Question

The density of nickel (Face centred cubic cell) is 8.94g/ $ c{m^3} $  at 20 $ ^\circ C $  . What is the radius of the atom? (Atomic weight: Ni = 59)

(A) 0.124 nm

(B) 0.136 nm

(C) 0.149 nm

(D) 0.110 nm

Answer 1

Hint: As the name suggests, a Face Centred Cubic (FCC) lattice structure has atoms on all the sides of the cubic structure as well as all the vertices. There is no atom present in the centre of the cube.
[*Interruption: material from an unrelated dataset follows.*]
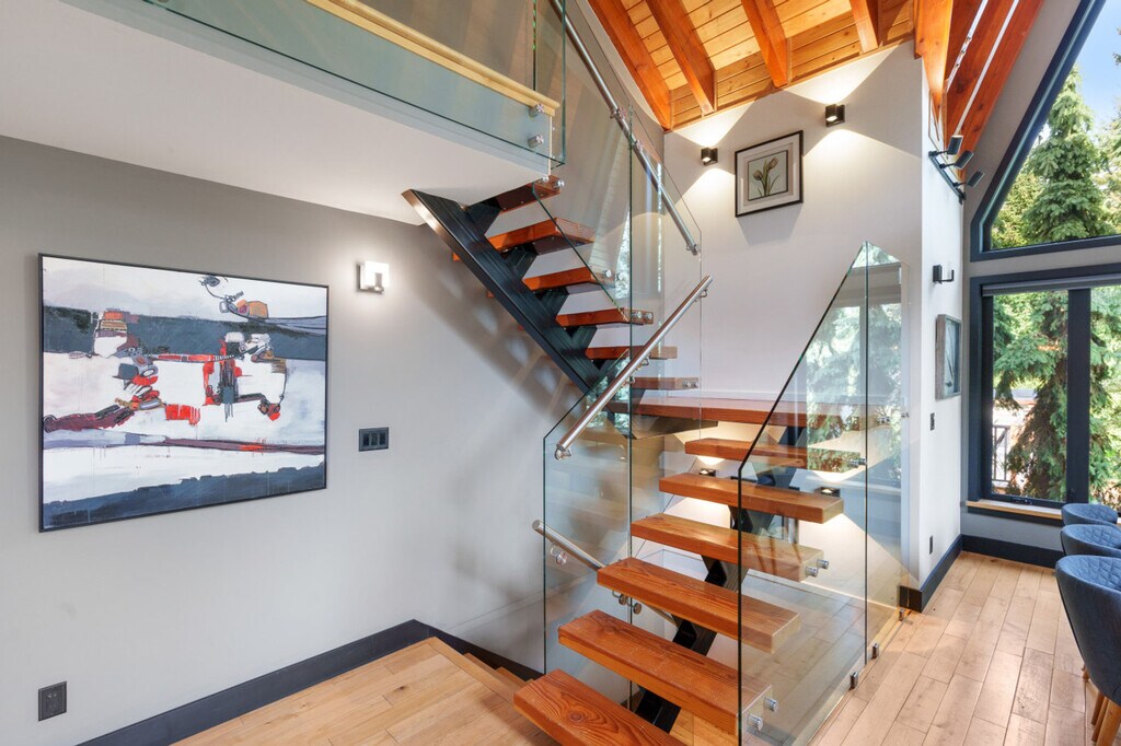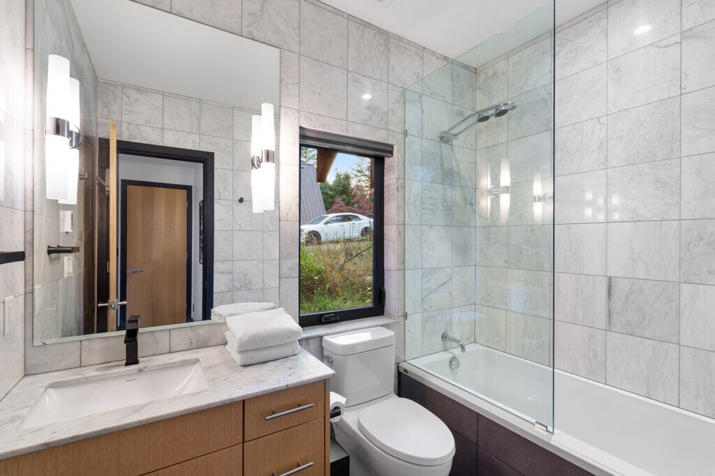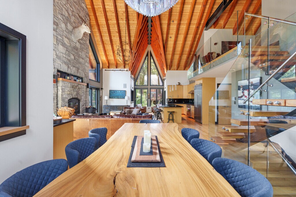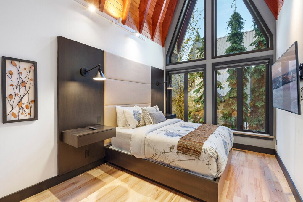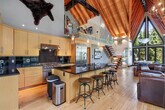 Feel at home in this 6-bed, 5-bath alpine chalet in Whistler’s peaceful Nesters neighborhood. Surrounded by evergreens, this spacious home features soaring wood-beam ceilings, a cozy stone fireplace, and floor-to-ceiling windows framing serene forest views. Just minutes from Whistler Village and the slopes, it’s ideal for group getaways year-round. This 3,000 sq ft chalet across 3 levels offers an open-concept living room with soaring cedar ceilings and a stone fireplace. The gourmet kitchen features Viking appliances and island seating. Enjoy the loft music lounge, a private deck with BBQ and outdoor hot tub, and a game area with a Wii, poker, darts, and boardgames. In-home laundry is available with a washer and dryer on the ground floor. Driveway parking is available for 5 vehicles. No events, parties, or large gatherings are allowed. [SI]

This brings the total count of the total number of atoms present in a Face Centred Cubic structure to 4.

Complete Step-by-Step Solution:

Now, in order to calculate the diameter of the atom, we need to follow a few steps:

Calculate the edge length of the FCC cube:

We know that,

Density = (mass)/(volume)

Applying this concept for calculating the density of the unite cell, we get,

Density =  $ \dfrac{{(M \times z)}}{{(N \times {a^3})}} $ 

=  $ \dfrac{{(molecular{\text{ }}weight){\text{ (}}number{\text{ }}of{\text{ }}atoms{\text{ }}per{\text{ }}cell){\text{ }}}}{{{{(edge{\text{ }}length)}^3}{\text{ (}}Avogadro{\text{ }}number)}} $ 

=  $ \dfrac{{59 \times 4}}{{{a^3} \times 6.022 \times {{10}^{23}}}} $ 

Hence,

 $ {a^3} $  =  $ \dfrac{{59 \times 4}}{{density \times 6.022 \times {{10}^{23}}}} $ 

 $ {a^3} $  =  $ \dfrac{{59 \times 4}}{{8.94 \times 6.022 \times {{10}^{23}}}} $ = 4.83  $  \times {10^{ - 23}} $ 

Hence,

a =  $ \sqrt[3]{{4.83}} \times {10^{23}} $ = 3.64 $  \times {10^{ - 8}} $ cm

Calculate the radius of the atom:

We know that, the relation between the radius of the atom and the edge length of the unit cell can be given by –

 $ \sqrt {2a} = 4r $ 

Hence, r =  $ \dfrac{{\sqrt 2 a}}{4} $ 

r =  $ \dfrac{{\sqrt 2 \times 3.64 \times {{10}^{ - 8}}}}{4} $ = 1.28 $  \times {10^{ - 8}} $ cm = 0.128 nm  $  \approx  $ 0.124 nm

Hence the diameter of the atom can be calculated as:

d = 2r = 2(1.28 $  \times {10^{ - 8}} $ ) = 2.48 $  \times {10^{ - 8}} $ cm

Hence, Option (A) is the correct option.

Note: The formulae to calculate the radii of the constituent atom is different for different lattice structures but can be derived in a similar manner. Although it is advisable to memorise these formulae for the ease of calculation.